**Stored data**
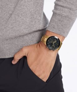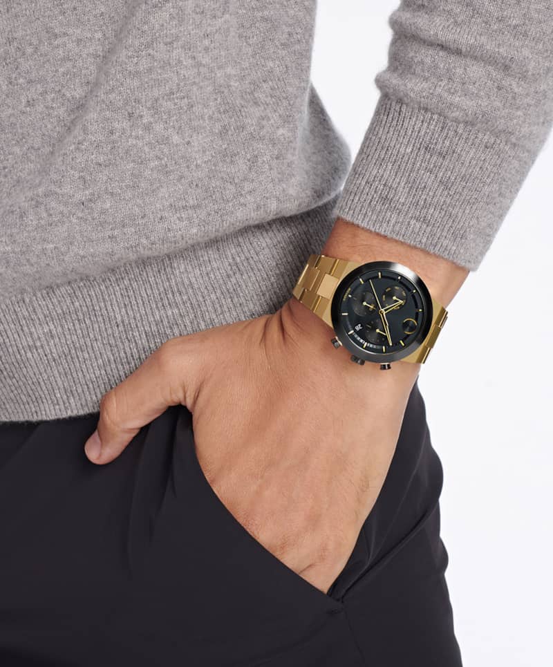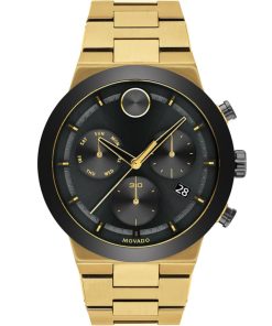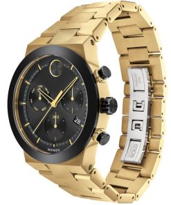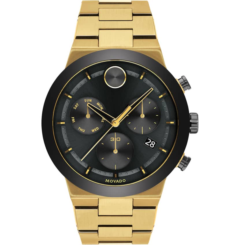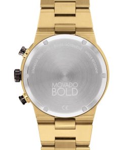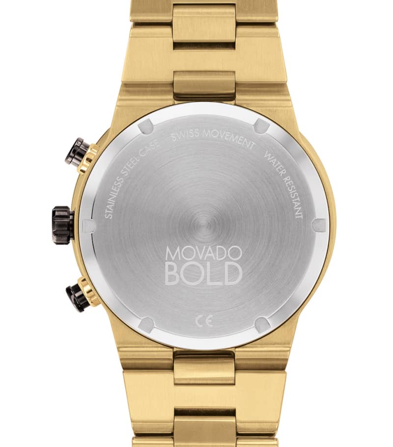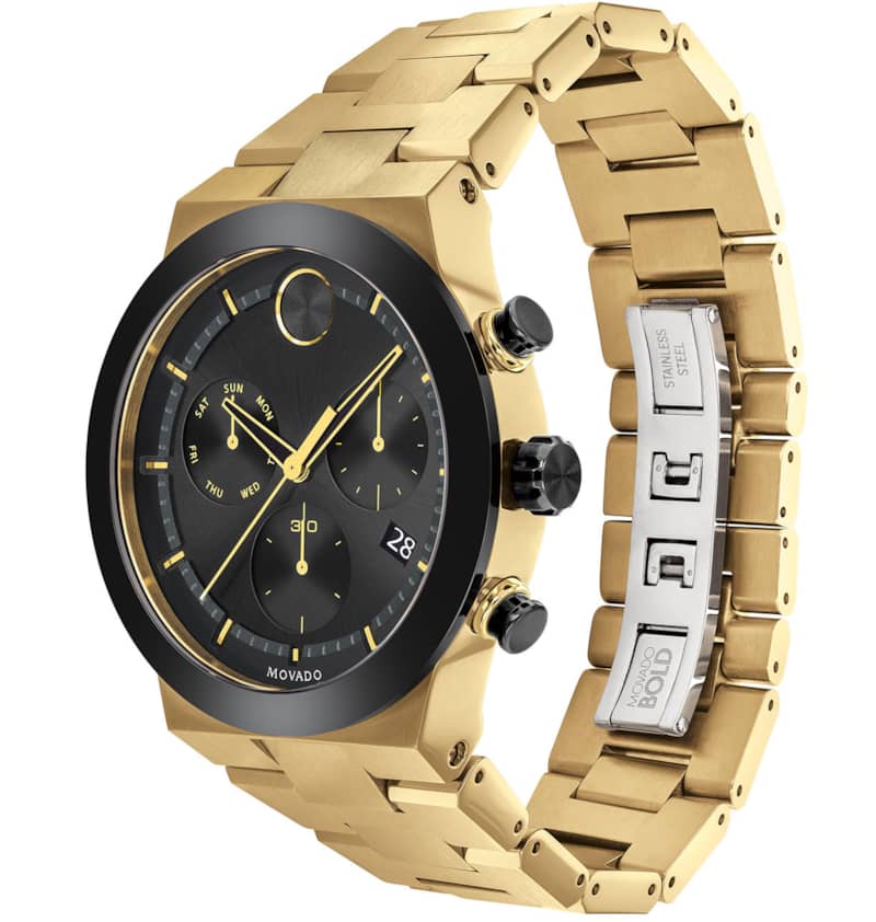 Movado BOLD Fusion Chronograph Black Dial Pale Gold-Tone Ion-Plated SS Link Watch, 44.5mm
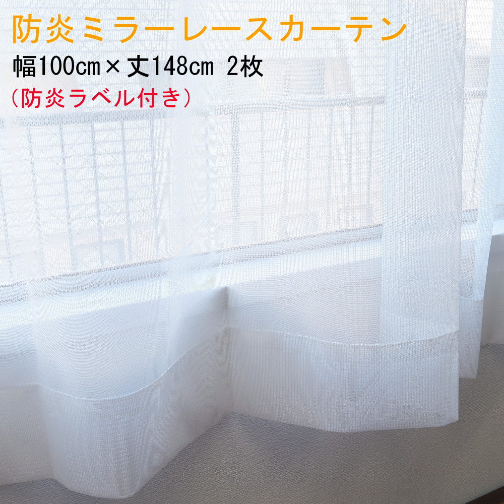 > カーテン レース 防炎加工(防炎ラベル付き) 幅100cm×丈148cm 2枚 ミラーレースカーテン
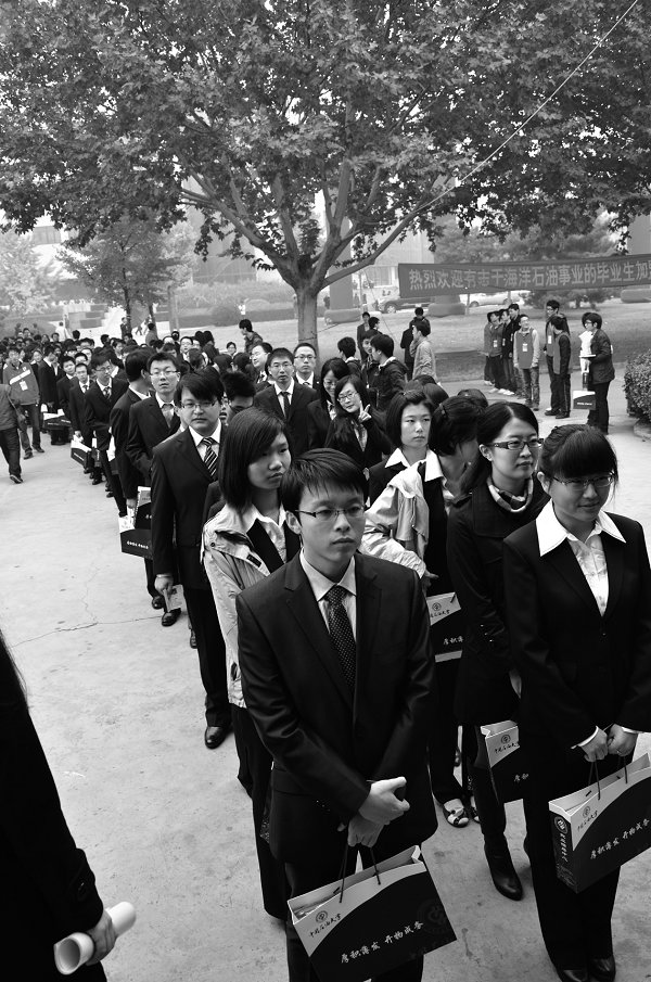 11月1日的北京,飘着细雨,透出深秋的寒意,石大多功能厅内外却被涌动的人潮烘托出了一股热切。中国海洋石油总公司大型校园双选会现场,34家下属单位来校集中招聘,吸引了2000多名毕业生参加。
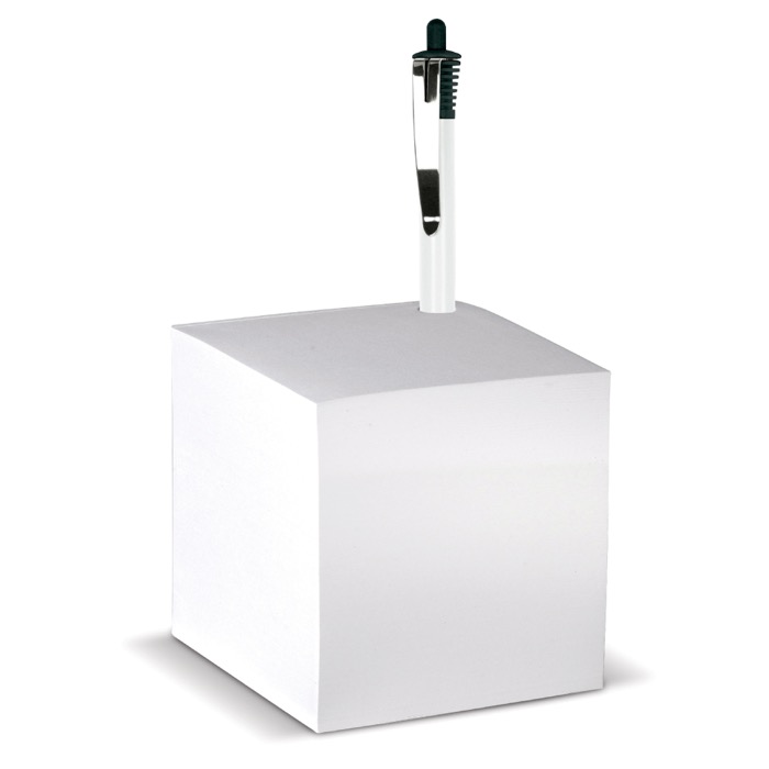 Cubo de notas de 840 folhas de papel branco e certificação FSC. Proporciona organização, visibilidade e sustentabilidade num só brinde empresarial.

**Your goal**
The material should be duplicated word for word, with no images included.

**Response area**
 Movado BOLD Fusion Chronograph Black Dial Pale Gold-Tone Ion-Plated SS Link Watch, 44.5mm
 > カーテン レース 防炎加工(防炎ラベル付き) 幅100cm×丈148cm 2枚 ミラーレースカーテン
 11月1日的北京,飘着细雨,透出深秋的寒意,石大多功能厅内外却被涌动的人潮烘托出了一股热切。中国海洋石油总公司大型校园双选会现场,34家下属单位来校集中招聘,吸引了2000多名毕业生参加。
 Cubo de notas de 840 folhas de papel branco e certificação FSC. Proporciona organização, visibilidade e sustentabilidade num só brinde empresarial.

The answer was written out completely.